■ Prompt
Give the records again exactly, but drop the pictures.
——————
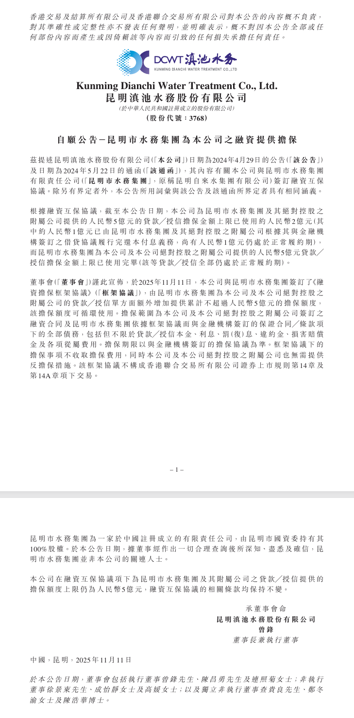 滇池水务与昆明市水务集团签订《融资担保框架协议》
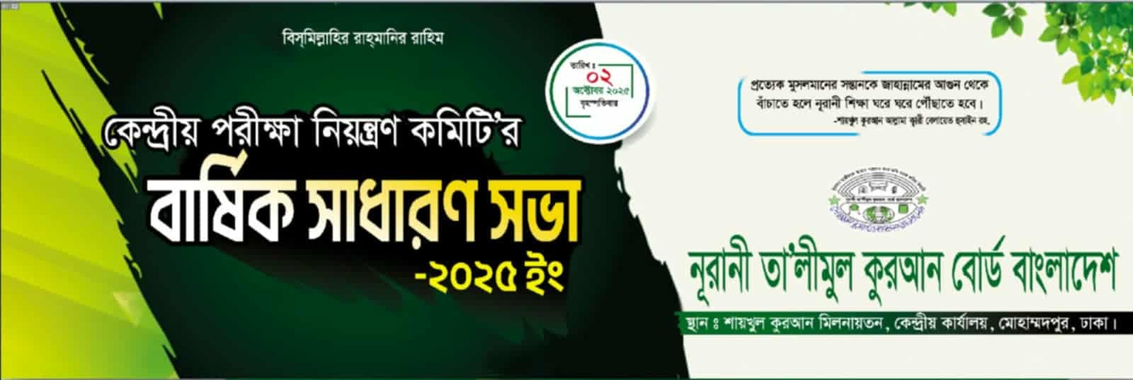 আল্লামা কারী বেলায়েত রহ. প্রতিষ্ঠিত নূরানী তা'লীমুল কুরআন বোর্ড বাংলাদেশের পরীক্ষা নিয়ন্ত্রণ কমিটির বার্ষিক সাধারণ সভা আগামীকাল বৃহস্পতিবার (২ অক্টোবর) অনুষ্ঠিত হবে।
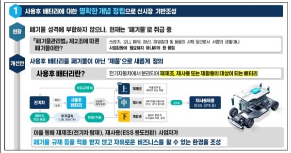 우선 업계(안)은 사용후 배터리를 ‘폐기물’이 아닌, ‘전기차에서 분리되어 재제조·재사용·재활용 대상이 되는 배터리’로 새롭게 정의하고 있다. 사용후 배터리는 셀 일부를 수리·교체한 후 자동차에 탑재하거나(재제조), 에너지 저장장치 등으로 용도 전환이 가능해(재사용) 충분한 경제적 가치를 갖고 있음에도 현재는 폐기물법상 폐기물로 분류돼 관련 규정을 적용받고 있다.
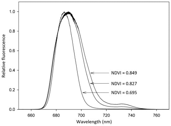 Relative fluorescence spectra of three samples of microphytobenthos (MPB) with different biomass in mud intertidal sediments (one sample with low biomass and two with high biomass). The normalized difference vegetation index (NDVI) is presented for the three samples (reprinted from Vieira [] with permission).
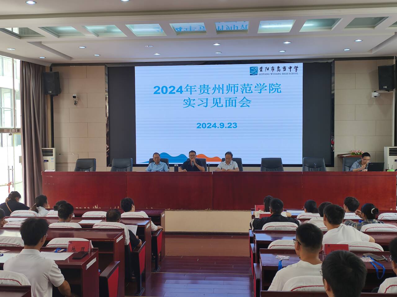 10月23日上午,为让我校实习生在实习单位能更好地实习,教育科学学院副院长黎平辉、办公室助理田壹送实习生到贵阳市乌当区乌当中学报到,并出席了贵阳市乌当区乌当中学的实习生见面会,对乌当中学实习指导教师现场进行了培训。
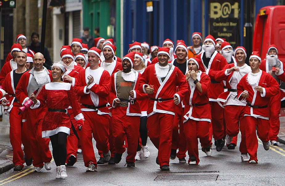 10月6日,英國(guó)倫敦市中心100多位圣誕老人為籌集乳腺癌護(hù)理善款而參加歡樂跑活動(dòng)。圖片來(lái)源:中國(guó)新聞網(wǎng)
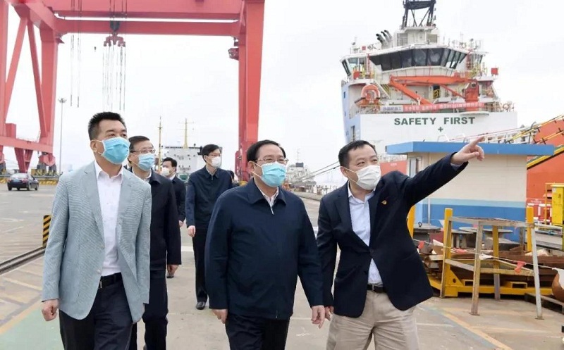 ????在現場,李強聽取了外高橋造船的遠景規(guī)劃以及高端海洋工程裝備制造相關情況介紹,詳細了解落實疫情防控主體責任和復工復產進展情況。
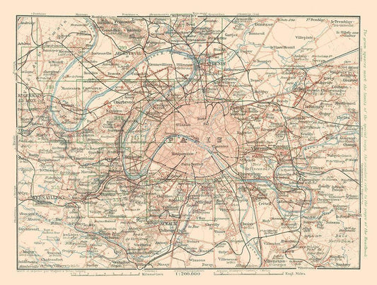 Suburbs Paris France - Baedeker 1911 White Modern Wood Framed Art Print with Double Matting by Baedeker
——————
■ Answer to the exercise
 滇池水务与昆明市水务集团签订《融资担保框架协议》
 আল্লামা কারী বেলায়েত রহ. প্রতিষ্ঠিত নূরানী তা'লীমুল কুরআন বোর্ড বাংলাদেশের পরীক্ষা নিয়ন্ত্রণ কমিটির বার্ষিক সাধারণ সভা আগামীকাল বৃহস্পতিবার (২ অক্টোবর) অনুষ্ঠিত হবে।
 우선 업계(안)은 사용후 배터리를 ‘폐기물’이 아닌, ‘전기차에서 분리되어 재제조·재사용·재활용 대상이 되는 배터리’로 새롭게 정의하고 있다. 사용후 배터리는 셀 일부를 수리·교체한 후 자동차에 탑재하거나(재제조), 에너지 저장장치 등으로 용도 전환이 가능해(재사용) 충분한 경제적 가치를 갖고 있음에도 현재는 폐기물법상 폐기물로 분류돼 관련 규정을 적용받고 있다.
 Relative fluorescence spectra of three samples of microphytobenthos (MPB) with different biomass in mud intertidal sediments (one sample with low biomass and two with high biomass). The normalized difference vegetation index (NDVI) is presented for the three samples (reprinted from Vieira [] with permission).
 10月23日上午,为让我校实习生在实习单位能更好地实习,教育科学学院副院长黎平辉、办公室助理田壹送实习生到贵阳市乌当区乌当中学报到,并出席了贵阳市乌当区乌当中学的实习生见面会,对乌当中学实习指导教师现场进行了培训。
 10月6日,英國(guó)倫敦市中心100多位圣誕老人為籌集乳腺癌護(hù)理善款而參加歡樂跑活動(dòng)。圖片來(lái)源:中國(guó)新聞網(wǎng)
 ????在現場,李強聽取了外高橋造船的遠景規(guī)劃以及高端海洋工程裝備制造相關情況介紹,詳細了解落實疫情防控主體責任和復工復產進展情況。
 Suburbs Paris France - Baedeker 1911 White Modern Wood Framed Art Print with Double Matting by Baedeker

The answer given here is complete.